Data records
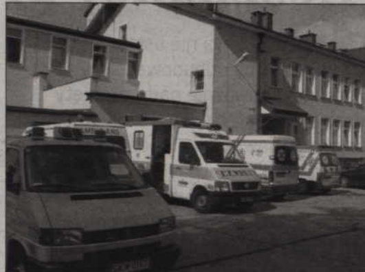
2008 rok spółka Zdrowie zarządzająca kwidzyńskim szpitalem zakończyła zyskiem ponad 750 tys. zł.

Andrzej Rozmus przypomina, że w 2004 r. rada powiatu przyjęła strategię
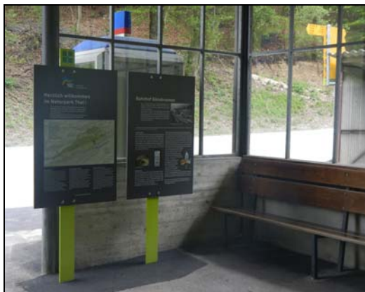
Le premier contact avec le "Naturpark Thal" se fait déjà sur le territoire de Crémines, à la gare de Gännsbrunnen

Comme déjà mentionné plus haut, une nature préservée et utilisée rationnellement est au centre du concept. La chasse fait entièrement partie de la mise en valeur des atouts de la région. Un fait rare dans certaines mentalités d'aujourd'hui.
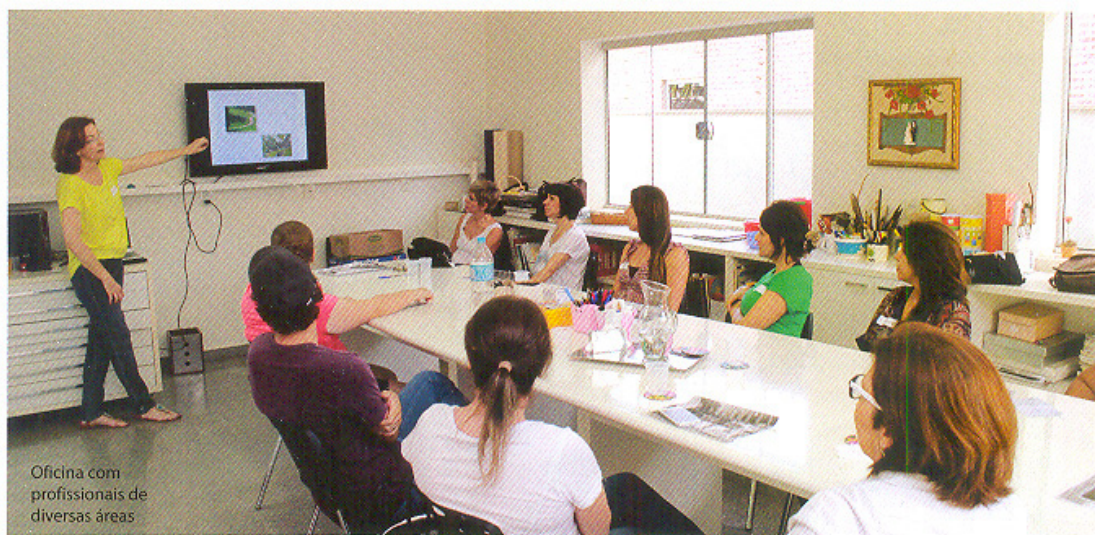
Oficina com profissionais de diversas áreas

projeto, realizado por meio de oficinas gratuitas. O tema dos encontros é o Teatro Municipal.

Task: If any image appears in the entries, omit it and return the rest verbatim.

Solution for this task:
2008 rok spółka Zdrowie zarządzająca kwidzyńskim szpitalem zakończyła zyskiem ponad 750 tys. zł.

Andrzej Rozmus przypomina, że w 2004 r. rada powiatu przyjęła strategię
Le premier contact avec le "Naturpark Thal" se fait déjà sur le territoire de Crémines, à la gare de Gännsbrunnen

Comme déjà mentionné plus haut, une nature préservée et utilisée rationnellement est au centre du concept. La chasse fait entièrement partie de la mise en valeur des atouts de la région. Un fait rare dans certaines mentalités d'aujourd'hui.
Oficina com profissionais de diversas áreas

projeto, realizado por meio de oficinas gratuitas. O tema dos encontros é o Teatro Municipal.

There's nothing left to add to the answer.